Your instructions:
Would you give the number of lines below in which the string "Incluye" appears? Nothing else is needed.

** Records for the exercise follows **

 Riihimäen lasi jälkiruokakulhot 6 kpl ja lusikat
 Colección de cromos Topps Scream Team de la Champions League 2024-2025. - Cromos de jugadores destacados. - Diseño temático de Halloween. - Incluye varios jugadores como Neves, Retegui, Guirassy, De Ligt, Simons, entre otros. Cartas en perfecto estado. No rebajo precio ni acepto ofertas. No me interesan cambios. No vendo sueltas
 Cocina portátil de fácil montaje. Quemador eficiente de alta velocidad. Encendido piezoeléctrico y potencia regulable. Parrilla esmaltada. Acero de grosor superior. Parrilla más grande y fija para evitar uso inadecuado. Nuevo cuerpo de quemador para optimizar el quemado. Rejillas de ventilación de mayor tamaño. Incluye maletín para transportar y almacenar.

** End of Records for the exercise **
** Records for the exercise follows **

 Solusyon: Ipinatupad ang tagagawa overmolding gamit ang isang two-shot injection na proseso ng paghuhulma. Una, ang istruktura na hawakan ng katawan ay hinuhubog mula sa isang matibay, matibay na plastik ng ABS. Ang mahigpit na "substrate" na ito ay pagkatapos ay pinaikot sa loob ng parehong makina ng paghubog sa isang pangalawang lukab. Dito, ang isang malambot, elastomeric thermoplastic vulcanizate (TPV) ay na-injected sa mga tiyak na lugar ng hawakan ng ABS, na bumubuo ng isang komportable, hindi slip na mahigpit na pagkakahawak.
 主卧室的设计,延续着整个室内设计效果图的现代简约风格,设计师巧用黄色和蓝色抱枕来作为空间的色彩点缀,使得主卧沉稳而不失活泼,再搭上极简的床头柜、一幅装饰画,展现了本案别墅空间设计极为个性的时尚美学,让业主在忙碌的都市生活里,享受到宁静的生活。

** End of Records for the exercise **
** Records for the exercise follows **

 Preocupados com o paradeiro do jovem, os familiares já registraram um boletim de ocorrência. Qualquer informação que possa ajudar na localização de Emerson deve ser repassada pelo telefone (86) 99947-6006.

** End of Records for the exercise **

Completed task:
2